# Cutting 1/4 inch steel plate



## onmywayup (Aug 18, 2012)

Gentlemen (and ladies): 

I have to make a straight rip cut into a fireplace insert flange next week (we have to cut it down to fit flush with the top of the original fireplace opening). 

It's 1/4" thick, and solid steel. What blade can I throw on my circular saw (or table saw I guess?) to cut through this thing? I was thinking something diamond? 

I know I could probably pull it off with a sawzall hacksaw blade, but I don't trust myself to make the line straight with that tool.


----------



## Morning Wood (Jan 12, 2008)

Grinder with cutoff wheel


----------



## superseal (Feb 4, 2009)

x2 :thumbsup:


----------



## skcolo (May 16, 2009)

Morning Wood said:


> Grinder with cutoff wheel


Are you kidding?


----------



## DaVinciRemodel (Oct 7, 2009)

skcolo said:


> Are you kidding?


Good job Steve – confuse the issue :whistling


----------



## skcolo (May 16, 2009)

He said straight. And a grinder, come on. 

Use this:

Diablo 7-1/4 in. x 48 Tooth Carbide Circular Saw Blade


----------



## DaVinciRemodel (Oct 7, 2009)

Ok… Ok at least you’re offering something in this post!


----------



## WarnerConstInc. (Jan 30, 2008)

A torch or plasma cutter.


----------



## madmax718 (Dec 7, 2012)

Your going to mangle the edges depending on how soft that steel is.

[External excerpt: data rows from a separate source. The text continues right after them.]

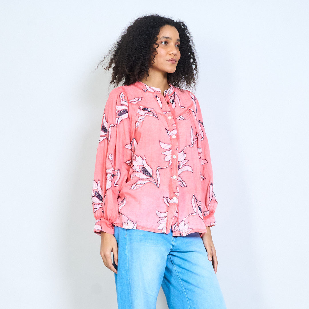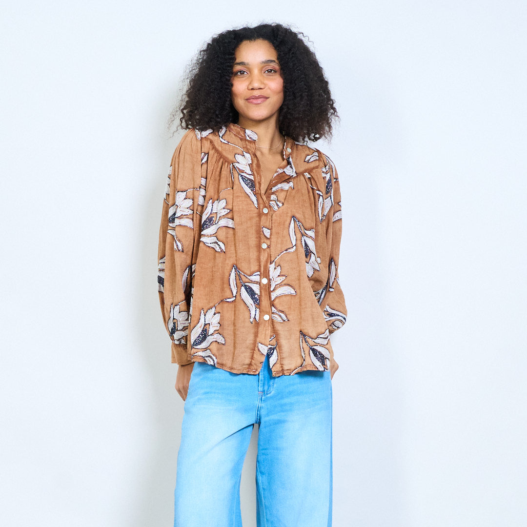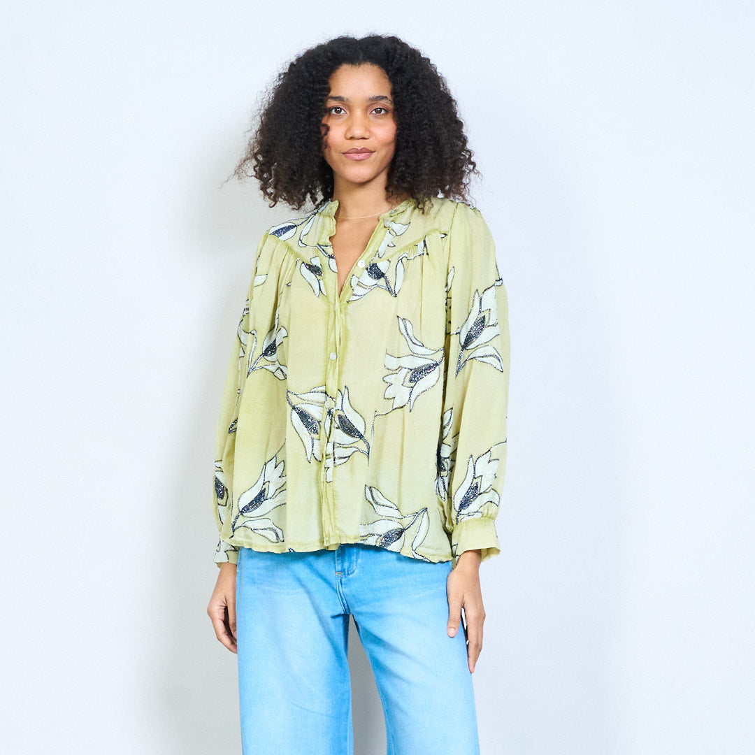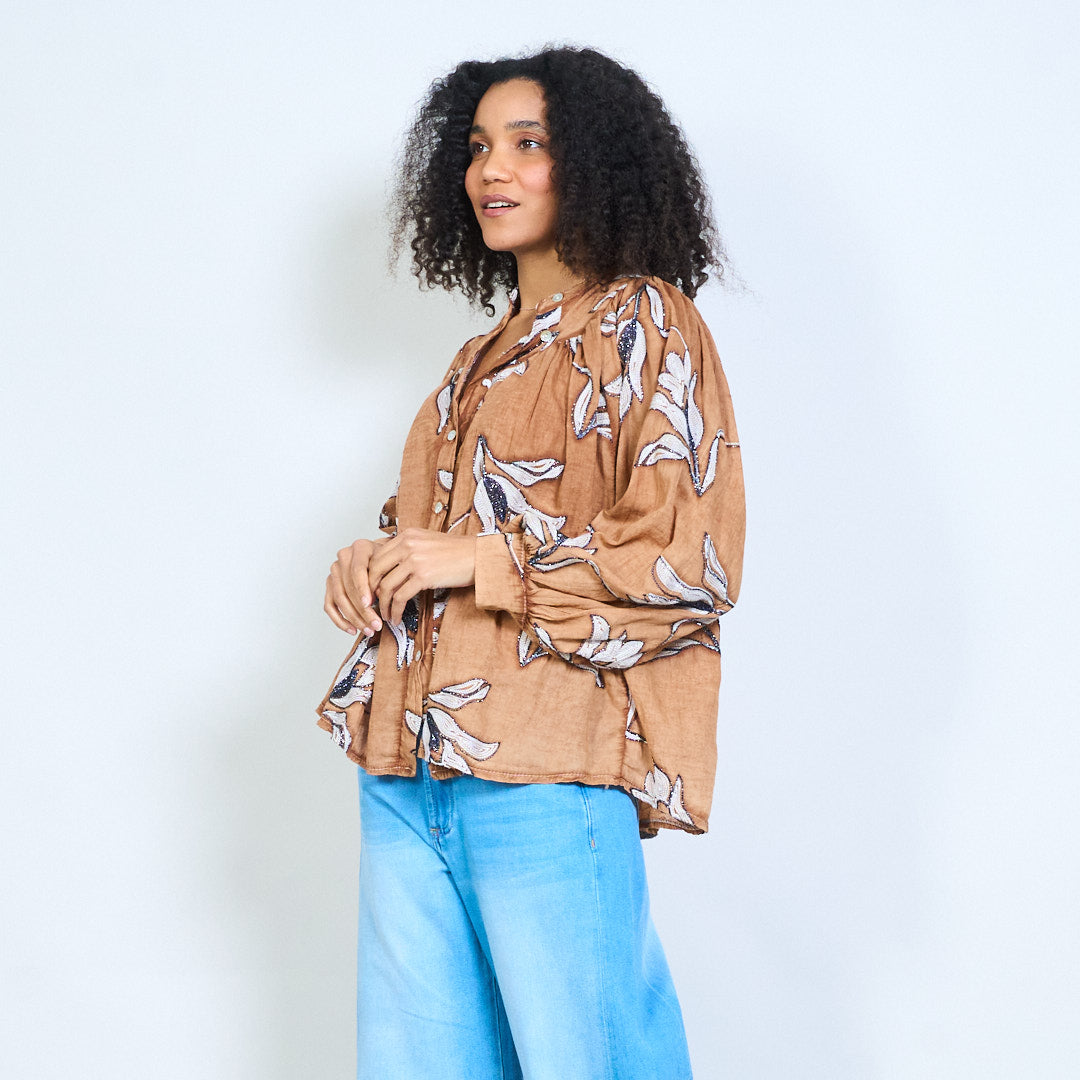 Groothandel in blouses met abstracte bloemenprint en verzamelde lange mouwen
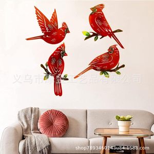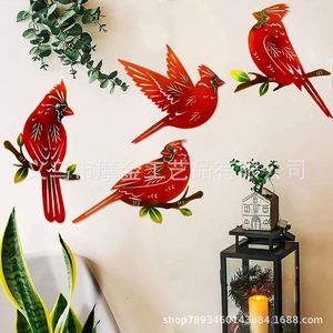 跨境亚马逊工艺品铁艺树枝鸟红衣教主客厅花园装饰摆件墙面装饰品
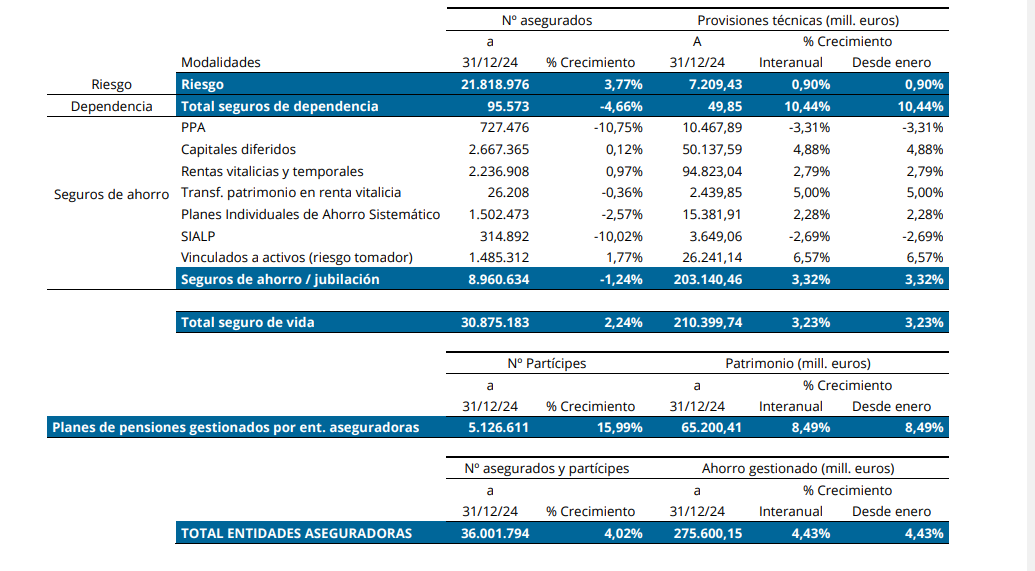 Al cierre de 2024 las aseguradoras gestionaban a través de seguros de Vida un total de 210.400 millones de euros, un 3,23% más que un año antes, según Unespa. Además, hay que añadir otros 65.200 millones de euros en patrimonio de los Planes de Pensiones gestionados por las aseguradoras, con un incremento del 8,49%. Supone que sector asegurador acumulaba 275.600 millones de euros al término del pasado ejercicio, un 4,43% más que el anterior.
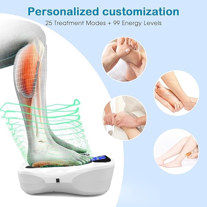 [Personalized customization] No noise! No vibration! There is no limit to the size of the foot! There are 25 treatment modes (acupuncture, massage, scratching, kneading, patting and finger pressing) in the foot circulation equipment of EMS foot massager, which can deeply and directly contact the source of tension or pain, plus 0-99 electromagnetic wave intensity to meet your needs, and in turn achieve ideal results. Can be used remotely.
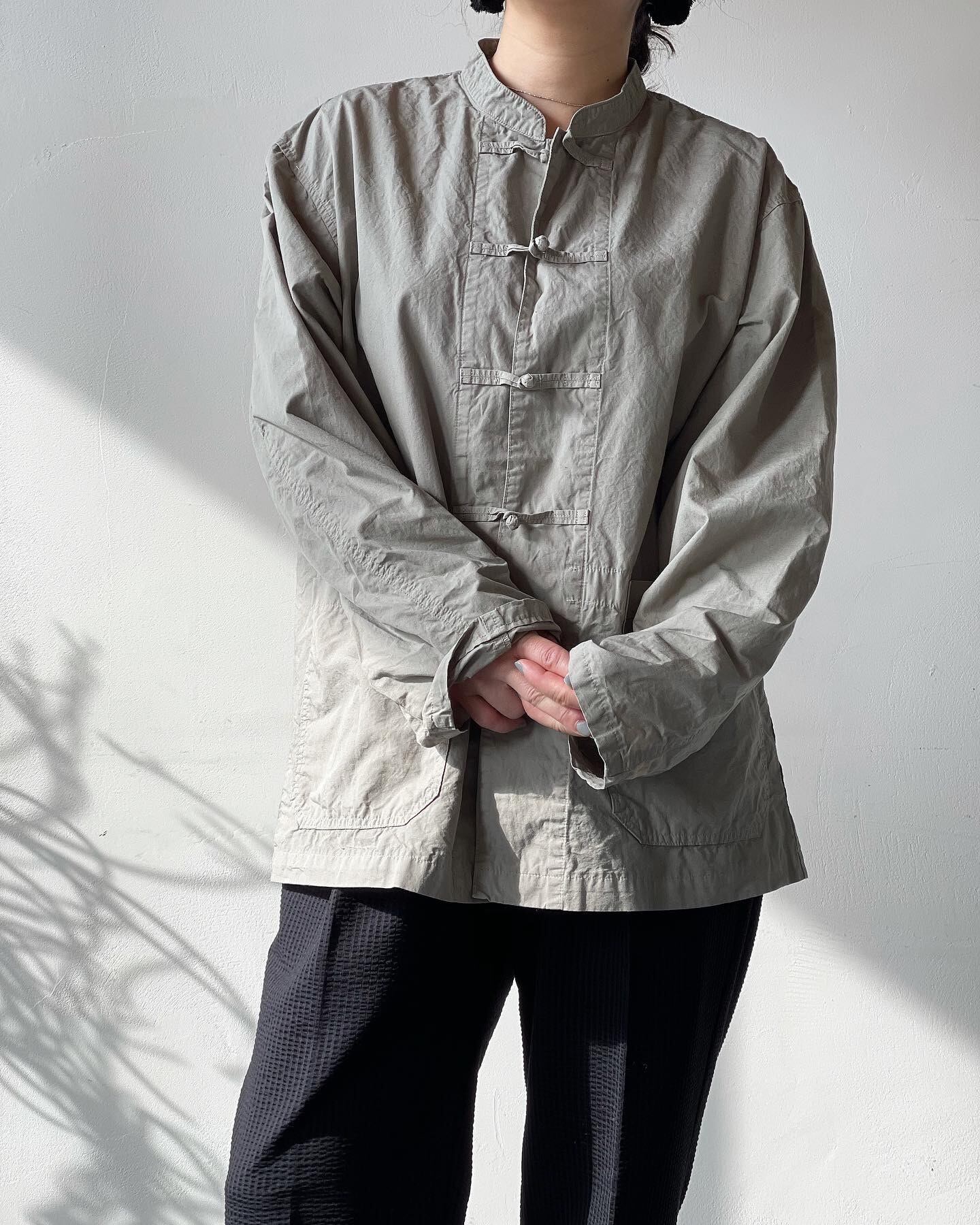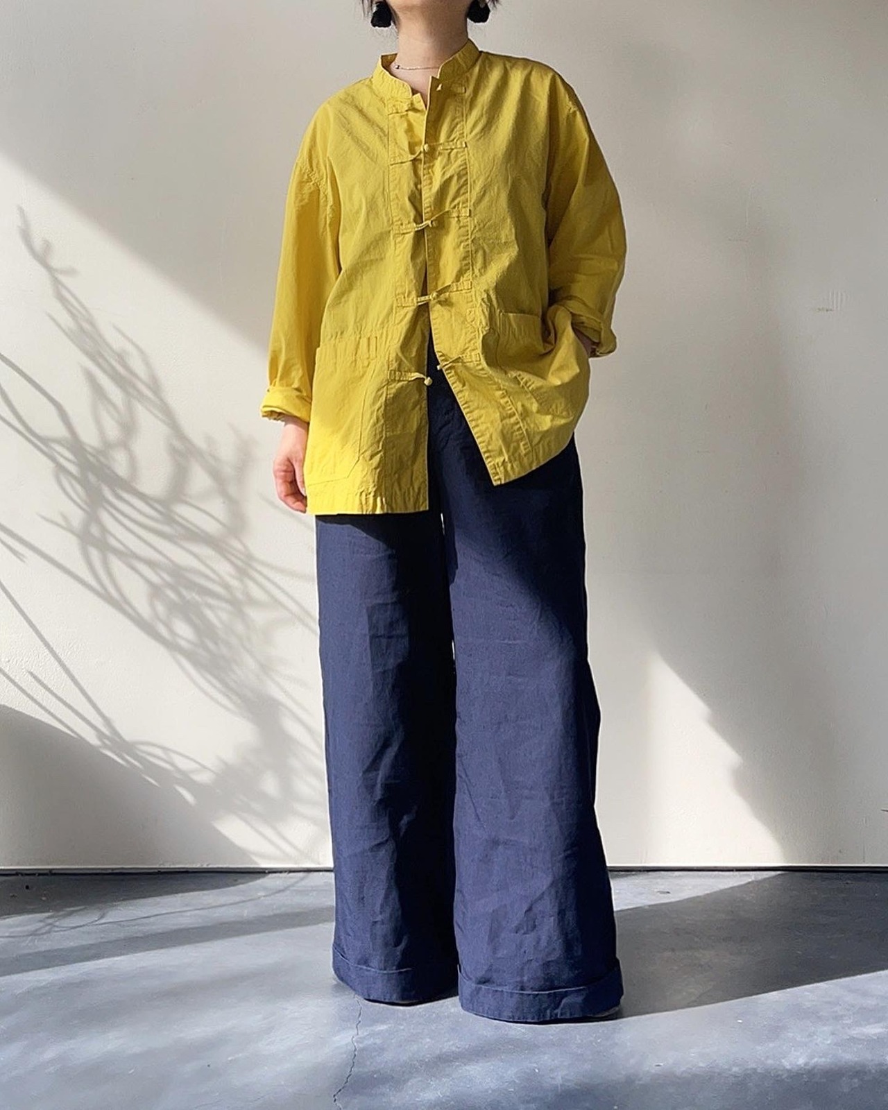 トレンド感のあるチャイナシャツは大人の方も着やすいベーシックなシルエットに。
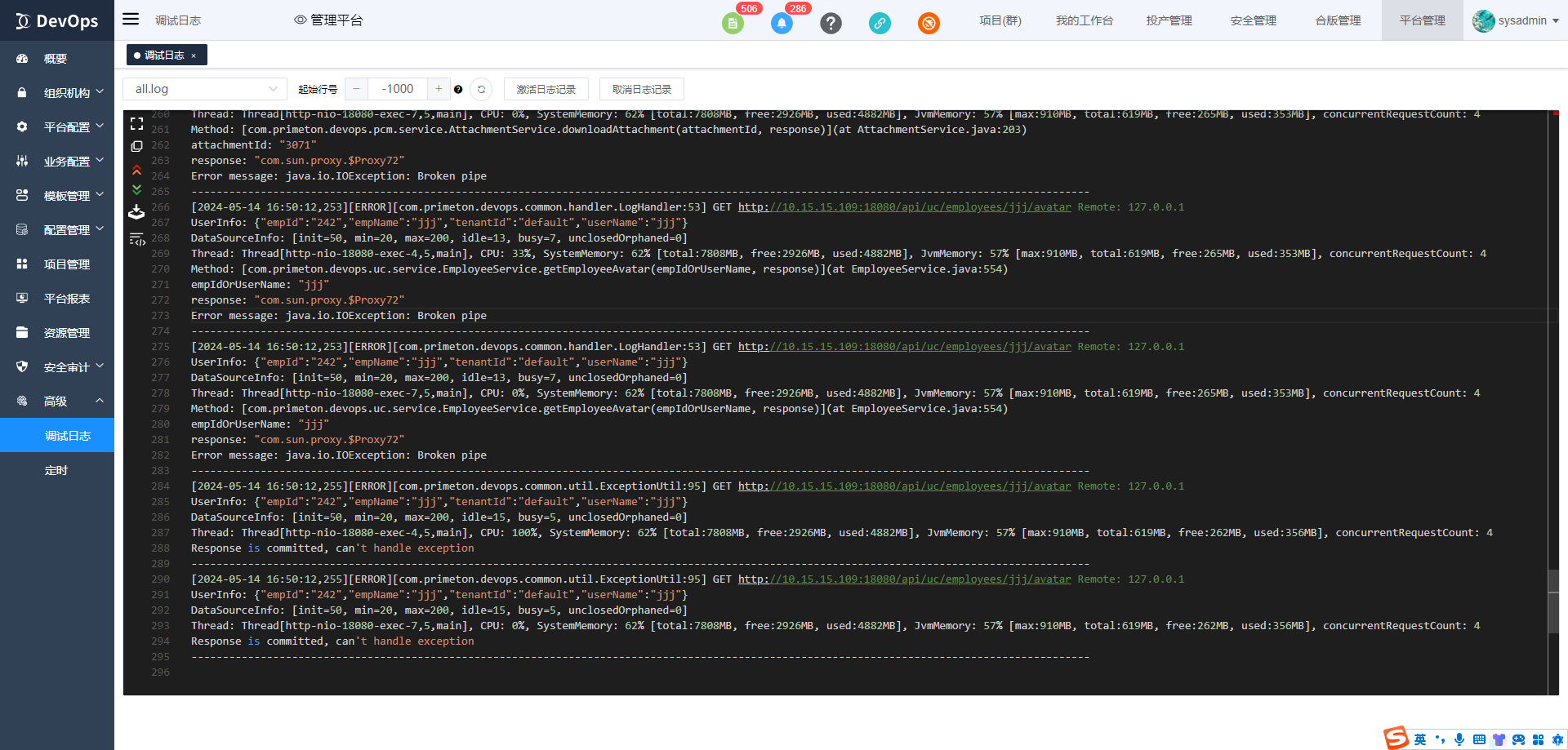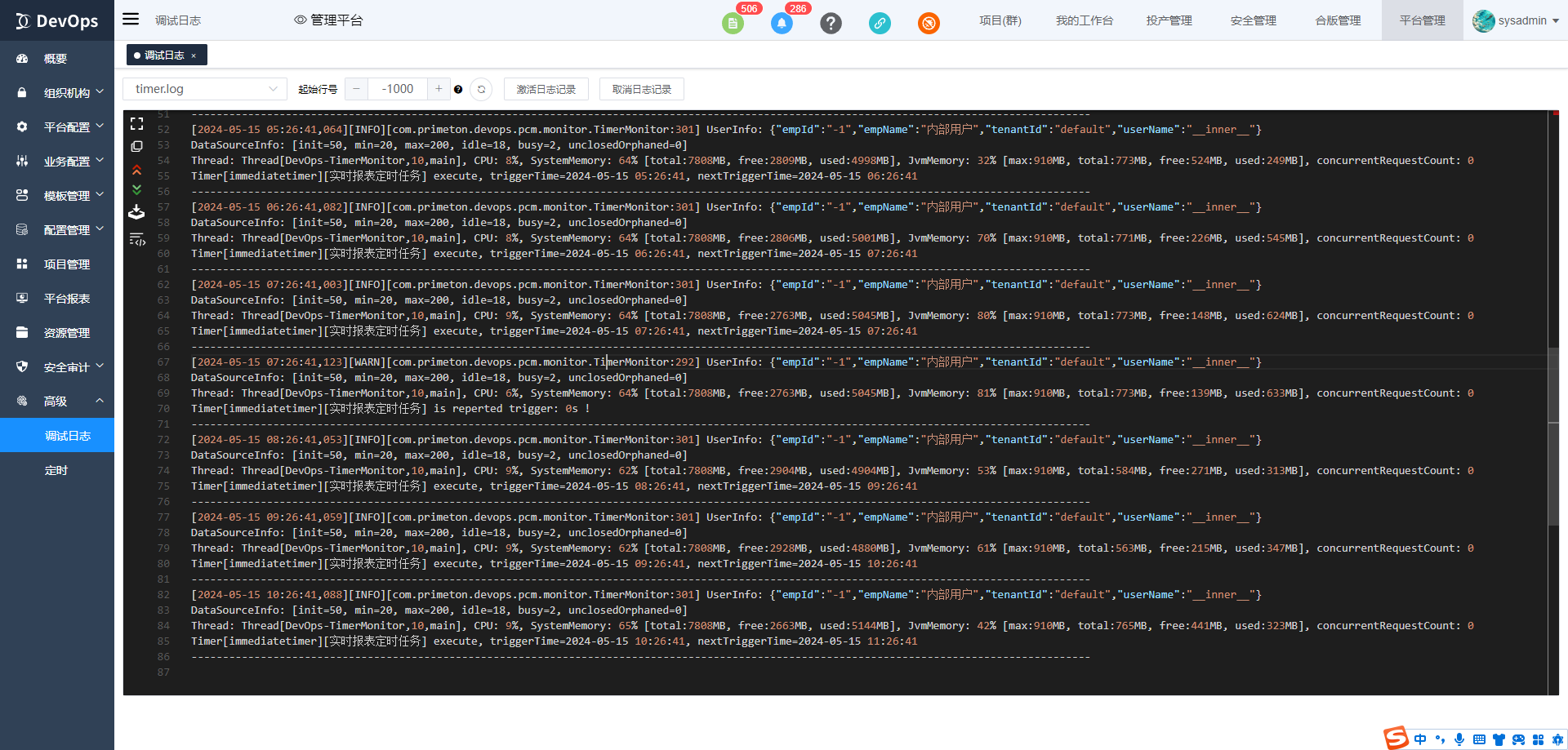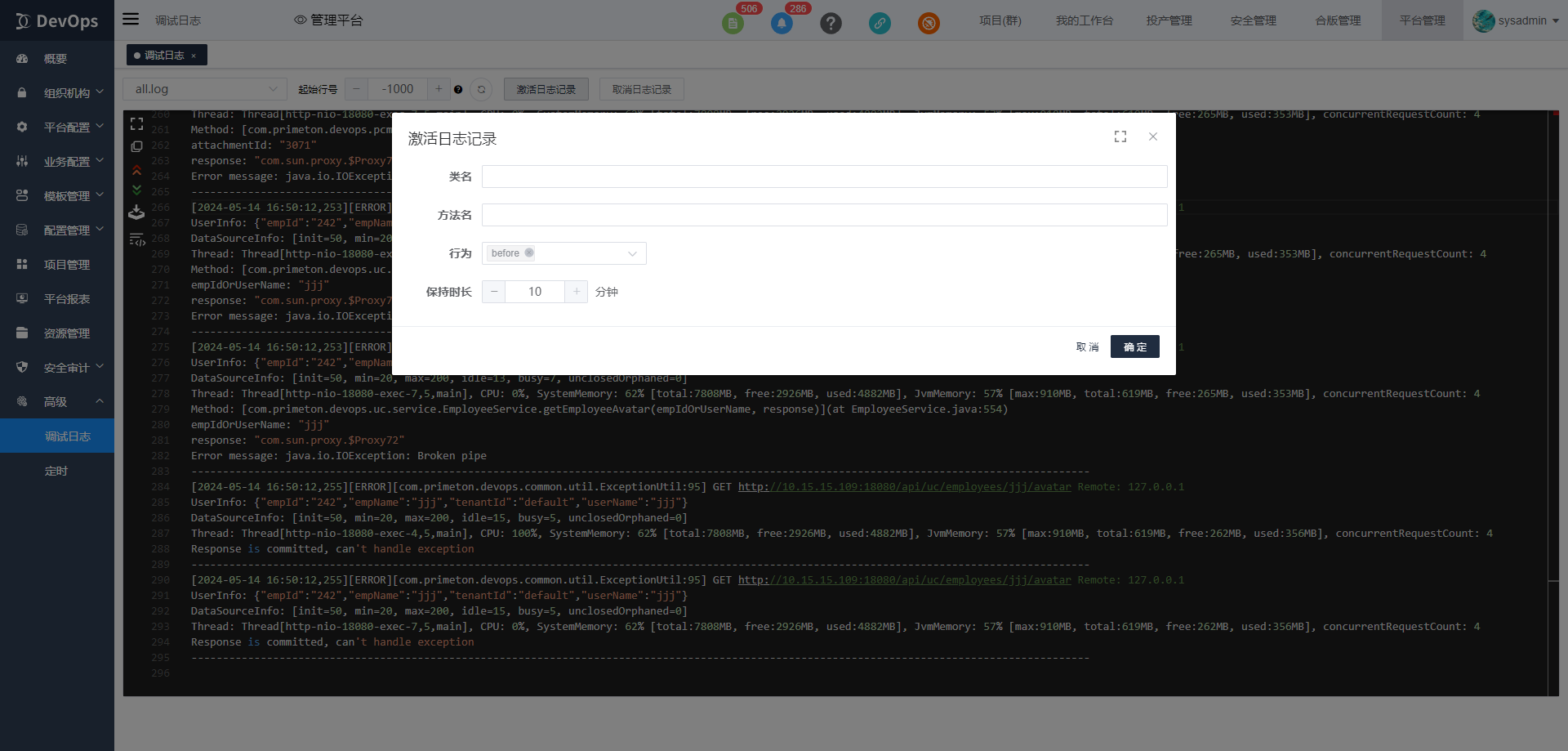 通过平台配置-平台信息-平台参数-Pcm.EnableDebugMode配置为true开启DevOps平台调试模式。
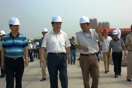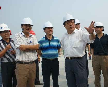 8月13日,原鐵道部副部長、現任京滬高鐵有限公司董事長蔡慶華在中交京滬高鐵項目部副總經理王建一行的陪同下視察了四航局上海嘉定制梁場。
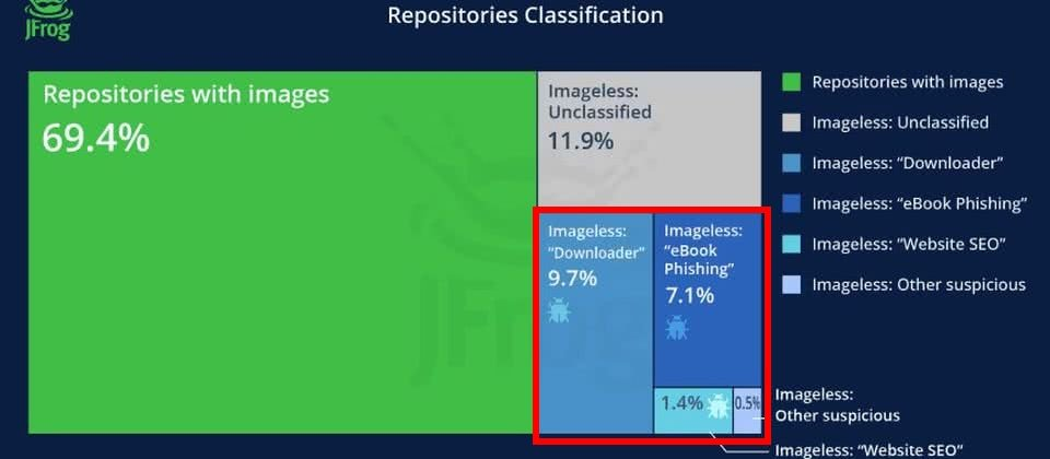 JFrog 的研究就發現,Docker Hub 上有大量的此類型攻擊方式,主要使用於三種主要 campaign,分別是下載器、電子書釣魚、以及網站/SEO 類別。
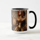 This steampunk Victorian golden astronomer in a gold and brass dress with clockwork gears uses an elegant telescope to observe a historical steampunk fantasy world where retro-futuristic science reigns.

I'd back it up on a sacrificial plywood. Other choice is a cut off blade in your circ saw. Just use a clamp guide.
Really the perfect job for a band saw or plasma cutter.


----------



## MLCcarpenter (Dec 11, 2011)

Take it to your local steel fabricator and have them cut it with a hydraulic shear. Save yourself a headache.


----------



## Tinstaafl (Jan 6, 2008)

I could make a cut like that with a grinder if I had to. My druthers would be a torch followed by grinder touch-up.


----------



## dakzaag (Jan 6, 2009)

steel cutting blade in circ. saw. 

"Like a hot knife through butta"

Sparks will melt the plastic housing on a cheap saw, I picked up a specific metal cutting saw about 5 years ago, use it all the time:thumbsup:


----------



## Randy Bush (Mar 7, 2011)

skcolo said:


> He said straight. And a grinder, come on.
> 
> Use this:
> 
> Diablo 7-1/4 in. x 48 Tooth Carbide Circular Saw Blade


If it is the Diablo blade for cutting metal they really work great. Way better then a cut off wheel. 

Kind of spendy , but worth the money.


----------



## darthdude (Dec 30, 2012)

For what most of us have easy access to, I'd say grinder with a cut off wheel, or circular saw with steel blade. Go slow, do NOT try and hog through the whole thickness all at once. Score a pass maybe 1/16" deep to start and make perhaps 2 more passes for the rest. Steady hand, keep it straight and true, aim to the outside of your cut mark if need be, you can polish it up with a flap sander on the grinder afterwards:thumbsup:. A straight edge and a plasma cutter with a drag tip would be ideal though.


----------



## Randy Bush (Mar 7, 2011)

darthdude said:


> For what most of us have easy access to, I'd say grinder with a cut off wheel, or circular saw with steel blade. Go slow, do NOT try and hog through the whole thickness all at once. Score a pass maybe 1/16" deep to start and make perhaps 2 more passes for the rest. Steady hand, keep it straight and true, aim to the outside of your cut mark if need be, you can polish it up with a flap sander on the grinder afterwards:thumbsup:. A straight edge and a plasma cutter with a drag tip would be ideal though.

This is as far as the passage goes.